Orders and recommendation
Orders
- Within four weeks of the date of this report, the landlord should:
- Pay the resident £300 compensation, comprised of:
- £150 in respect of the complaint about the landlord’s handling of the service charge queries and its decision to take legal action.
- £50 in respect of the complaint about the landlord’s response to queries regarding extension of the lease.
- £100 in respect of the complaint about the landlord’s communication and complaints handling.
- Write to the resident explaining what information is missing due to the cyber-attack.

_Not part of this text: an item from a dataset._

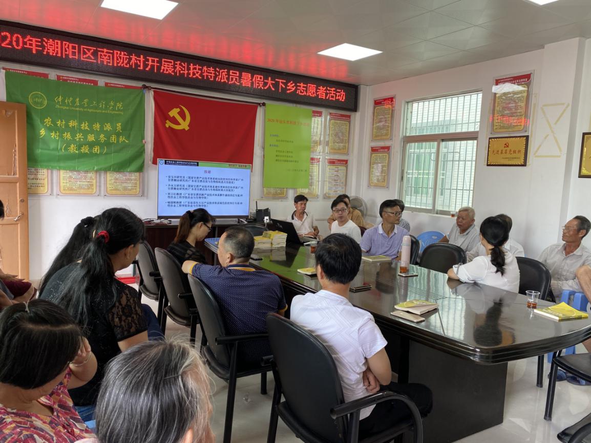 近日,公司郑奕雄教授带队到汕头市潮阳区南陇村开展赠送书籍、技术培训、田间诊断和技术指导等乡村振兴服务活动。活动得到汕头市各级科技、推广和扶贫等有关部门的重视和支持,汕头市科技局主办,公司、潮阳区科技局、河溪镇南陇村委会等单位共同承办本次活动。

- Pay the resident £300 compensation, comprised of:
- Within eight weeks of the date of this report, the landlord should:
- Provide its staff with further training around communicating effectively with residents. In relation to complaint handling, the training should focus on ensuring that staff understand the reasons for a complaint, and seek clarification where they are unsure.
- Review its processes surrounding customer enquiries, and assess whether these can be improved to ensure that enquiries are not missed, and are responded to in a timely manner. Details of the review should be shared with this Service and the resident.
- Provide both this Service and the resident with details of any actions taken in response to the cyber-attack. Specifically in relation to ensuring that data remains accessible in the event of a future cyber-attack.
Recommendation
- Within four weeks of the date of this report, the landlord should write to the resident and this Service to confirm its position regarding any legal action.